EXERCISE DETAILS: Write out every record below exactly, leaving the pictures out.

STUDY MATERIAL:
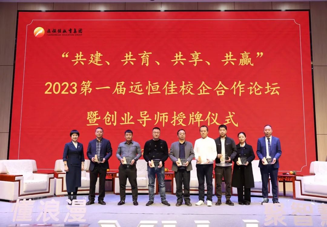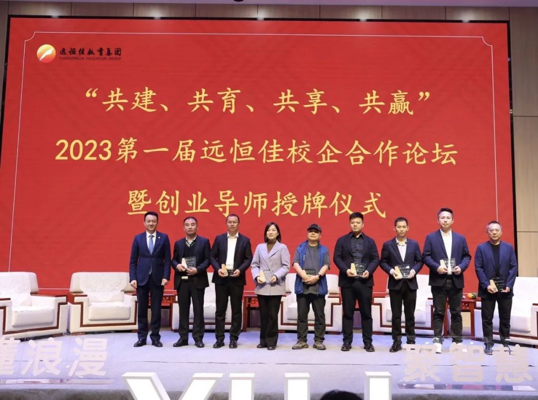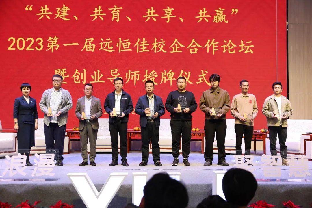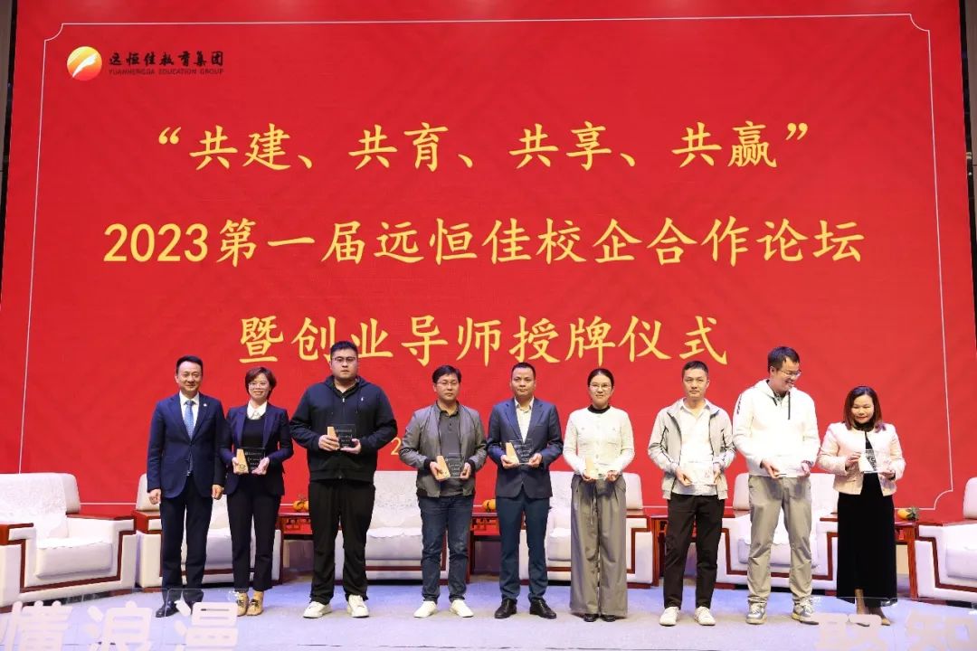 遠(yuǎn)恒佳現(xiàn)代產(chǎn)業(yè)學(xué)院首創(chuàng)了公司制職業(yè)教育模式,學(xué)生組建28人創(chuàng)業(yè)小組,成立了創(chuàng)業(yè)公司,通過(guò)企業(yè)課堂、企業(yè)家大講堂、公司例會(huì)和創(chuàng)業(yè)實(shí)踐項(xiàng)目等,開(kāi)展創(chuàng)新創(chuàng)業(yè)學(xué)習(xí)實(shí)踐。為更好地實(shí)施公司制教育模式,本屆論壇聘任了40位企業(yè)家擔(dān)任創(chuàng)業(yè)導(dǎo)師,隆重舉行創(chuàng)業(yè)導(dǎo)師授牌儀式。遠(yuǎn)恒佳教育集團(tuán)宋遠(yuǎn)標(biāo)董事長(zhǎng)、麥麗芬副董事長(zhǎng)向創(chuàng)業(yè)導(dǎo)師們頒發(fā)了導(dǎo)師牌匾。
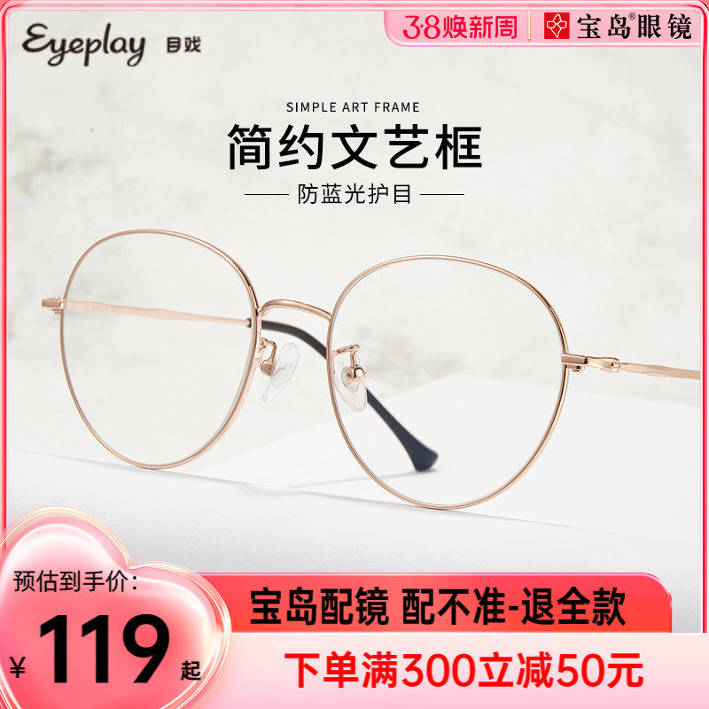 目戏防蓝光眼镜钛合金镜腿眼镜护眼文艺圆框可配近视眼镜女1023
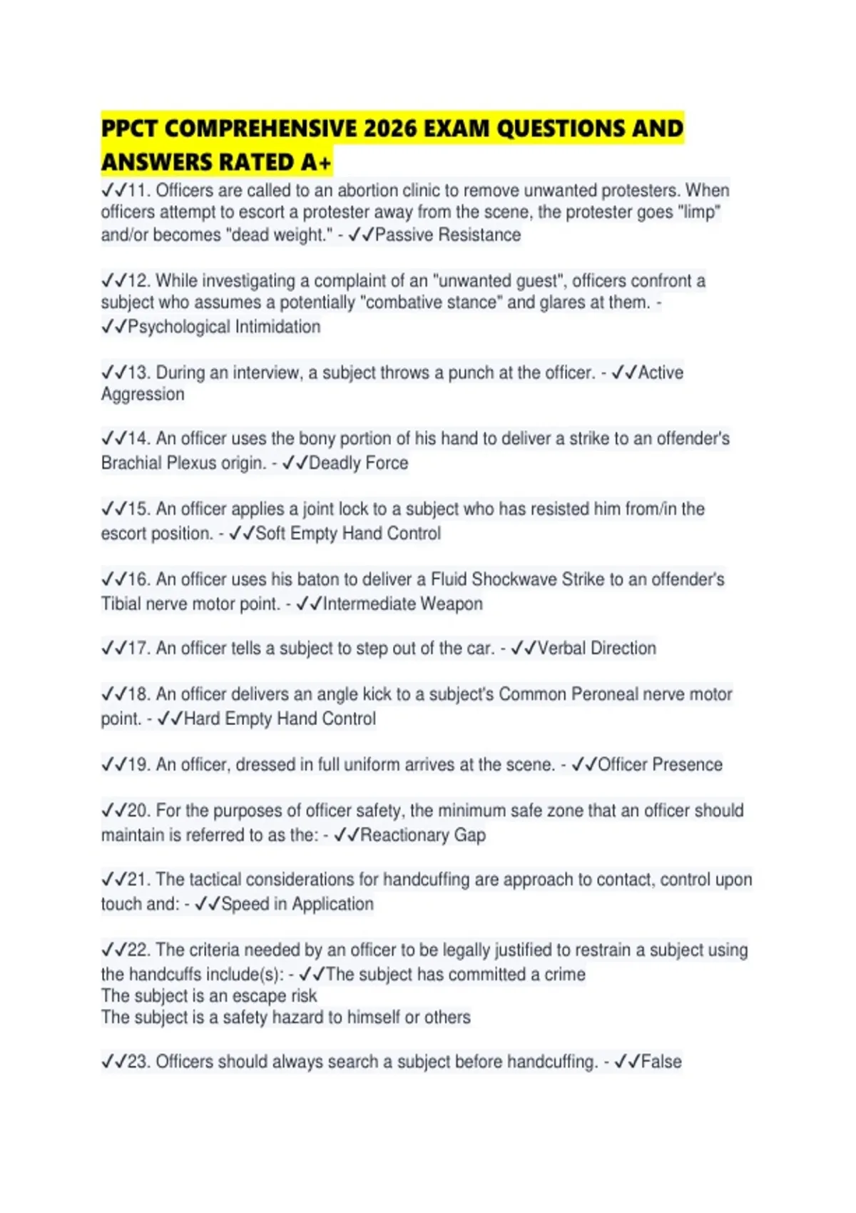 ✔✔23. Officers should always search a subject before handcuffing. - ✔✔False
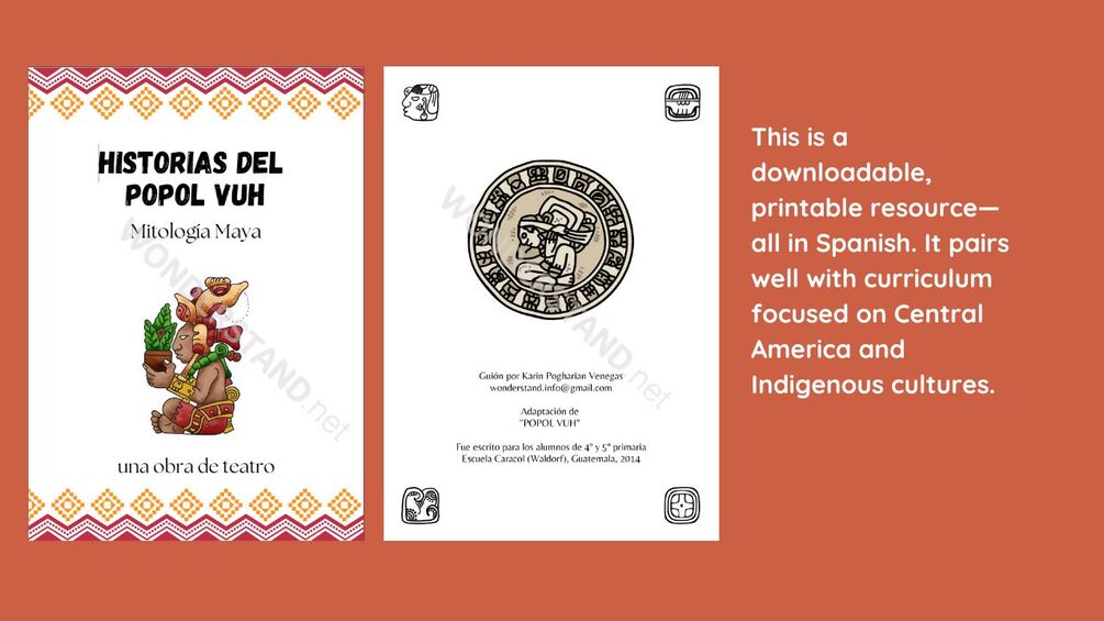 Perfecto para unidades temáticas sobre la civilización maya, mesoamérica o mitología, este recurso puede utilizarse con o sin representación teatral. El teatro en el aula fomenta la interacción, el movimiento y el aprendizaje inmersivo.
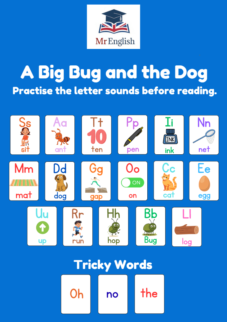 Help your child learn to read with A Big Bug and the Dog! This fun and easy phonics book focuses on CVC words from Phase 2 phonics, featuring short vowel sounds, simple sentences, and adorable illustrations. Perfect for beginner readers learning blending, decoding, and early reading skills.
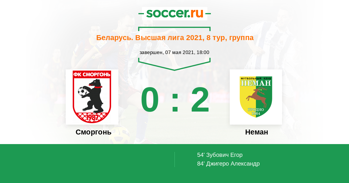 Протокол матча Сморгонь против Неман
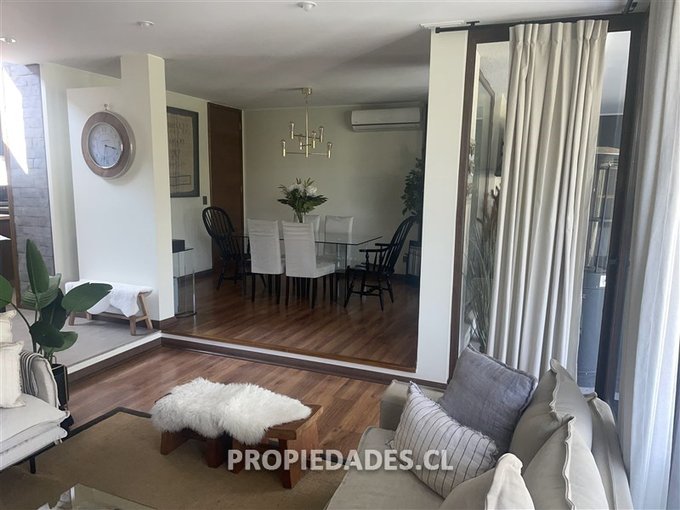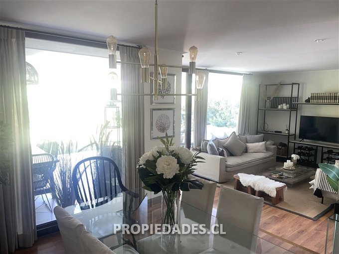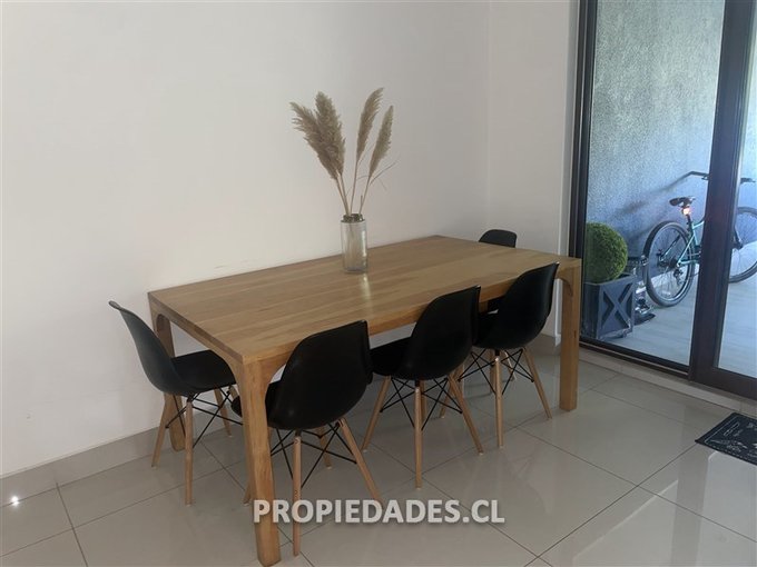 Hall de entrada con acceso a amplio living y comedor independiente, ambos con salida a patio y cocina tradicional de gran tamaño, con isla para comedor de diario o mesón, despensa, muebles y encimera, adicionalmente se incorporó el espacio considerado para la pieza de servicio dejando el baño de este dormitorio funcional, por la cocina se puede acceder a la loggia de 7 Mts2 y sector de guardado.

SOLUTION TO THIS EXERCISE:
 遠(yuǎn)恒佳現(xiàn)代產(chǎn)業(yè)學(xué)院首創(chuàng)了公司制職業(yè)教育模式,學(xué)生組建28人創(chuàng)業(yè)小組,成立了創(chuàng)業(yè)公司,通過(guò)企業(yè)課堂、企業(yè)家大講堂、公司例會(huì)和創(chuàng)業(yè)實(shí)踐項(xiàng)目等,開(kāi)展創(chuàng)新創(chuàng)業(yè)學(xué)習(xí)實(shí)踐。為更好地實(shí)施公司制教育模式,本屆論壇聘任了40位企業(yè)家擔(dān)任創(chuàng)業(yè)導(dǎo)師,隆重舉行創(chuàng)業(yè)導(dǎo)師授牌儀式。遠(yuǎn)恒佳教育集團(tuán)宋遠(yuǎn)標(biāo)董事長(zhǎng)、麥麗芬副董事長(zhǎng)向創(chuàng)業(yè)導(dǎo)師們頒發(fā)了導(dǎo)師牌匾。
 目戏防蓝光眼镜钛合金镜腿眼镜护眼文艺圆框可配近视眼镜女1023
 ✔✔23. Officers should always search a subject before handcuffing. - ✔✔False
 Perfecto para unidades temáticas sobre la civilización maya, mesoamérica o mitología, este recurso puede utilizarse con o sin representación teatral. El teatro en el aula fomenta la interacción, el movimiento y el aprendizaje inmersivo.
 Help your child learn to read with A Big Bug and the Dog! This fun and easy phonics book focuses on CVC words from Phase 2 phonics, featuring short vowel sounds, simple sentences, and adorable illustrations. Perfect for beginner readers learning blending, decoding, and early reading skills.
 Протокол матча Сморгонь против Неман
 Hall de entrada con acceso a amplio living y comedor independiente, ambos con salida a patio y cocina tradicional de gran tamaño, con isla para comedor de diario o mesón, despensa, muebles y encimera, adicionalmente se incorporó el espacio considerado para la pieza de servicio dejando el baño de este dormitorio funcional, por la cocina se puede acceder a la loggia de 7 Mts2 y sector de guardado.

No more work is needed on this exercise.